Sedangkan untuk sengketa pelanggaran administrasi pemilihan langsung diajukan ke
MA setelah menempuh upaya administratif di Bawaslu. Kewenangan ini sudah
dijalankan dengan sangat baik pada gelaran Pilkada serentak tahun 2017 di 101 daerah
yang melaksanakan pemilihan kepala daerah.
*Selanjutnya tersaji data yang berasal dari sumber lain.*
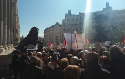 Durante la concentración, varios diputados de Podemos, IU, En Comú Podem y En Marea se han unido a la protesta, que ha llegado a extenderse por toda la Carrera de San Jerónimo, Plaza de las Cortes incluida, llegando casi a la propia Plaza de Neptuno.
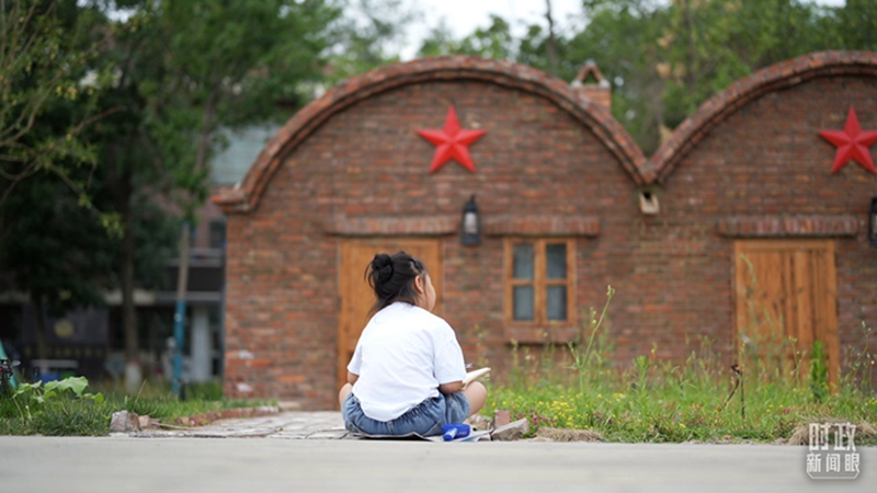 △军垦博物馆内写生的小朋友。(总台央视记者杨新禹拍摄)

Tahun 2017 Peratun juga diberi wewenang berdasarkan Pasal 469 ayat (2) UU Nomor
7 Tahun 2017 tentang Pemilihan Umum untuk mengadili sengketa proses pemilihan
umum yang putusannya juga bersifat final dan mengikat terkait tiga hal, yaitu verifikasi
partai politik peserta Pemilu, Daftar Calon Tetap (DCT) anggota Dewan dan penetapan
calon presiden dan wakil presiden. Kewenangan tersebut juga sudah dilaksanakan pada
Pemilu 2019. Tahun 2018, Peratun diberi wewenang melalui Undang-Undang Nomor
9 Tahun 2018 tentang Penerimaan Negara Bukan Pajak untuk memeriksa keberatan
atas ditetapkannya Penerimaan Negara Bukan Pajak (PNBP). Pada akhir tahun 2018
MA mewajibkan ditempuhnya upaya administrasi bagi pihak yang akan mengajukan
gugatan di Peratun melalui Perma Nomor 6 Tahun 2018. Perma ini menjadi pendorong
bagi Badan atau Pejabat TUN untuk segera menyediakan lembaga penyelesai upaya
administrasi.
Kesimpulan
Berdasarkan uraian dan bahasan yang telah disajikan di atas, dapat disampaikan
beberapa simpulan sebagai berikut: Pertama, Seiring dengan perkembangan politi
hukum nasional, secara evolutif kewenangan Peratun menjadi sangat luas, semula
hanya berwenang menguji KTUN (beschikking) saat ini hampir semua tindak
pemerintahan (bestuurshandelingen) menjadi kewenangan Peratun. Semangat
perluasan kewenangan Peratun tersebut dimaksudkan agar Peratun sebagai salah satu
pilar negara hukum dapat memberikan perlindungan hukum terhadap tindak
pemerintahan (rechtsbescherming tegen overheids) yang lebih optimal sesuai dengan
tuntutan perkembangan zaman (era inovasi diskruptif); Kedua, Pemberian kewenangan
yang begitu luas tidak secara otomatis bahwa hukum positif yang menjadi alat uji
(ground review) itu operasional dalam penegakannya, karena hukum itu bersifat statis
sedangkan perkembangan masyarakat sangat dinamis. Oleh karena itu, menegakkan
hukum hanya sekedar menerapkan bunyi UU saja tidak cukup. Teks hukum itu harus
dimaknai sesuai konteks dan kontekstualisasinya agar relevan dengan kebutuhan
hukum masyarakat. Dalam konteks ini, pendekatan hukum progresif sangat relevan
diterapkan dalam penyelesaian sengketa. Berdasarkan penelusuran data pada direktori
putusan MA, ditemukan beberapa putusan yang berkarakter landmark decision, yang
kemudian diikuti secara terus menerus oleh pengadilan-pengadilan di bawahnya, antara
lain: (i) Putusan MA mengenai upaya hukum atas permohonan fiktif positif yang
dipandang sebagai corrective justice; (ii) Putusan MA atas sengketa legalitas BANI,
yang mengedepankan aspek substantif daripada aspek formal administratif. Ketiga, Era
Revolusi Industri 4.0 membawa konsekuensi pada pelayanan publik di bidang
administrasi negara melalui pemerintahan yang berbasis TI (e-Government).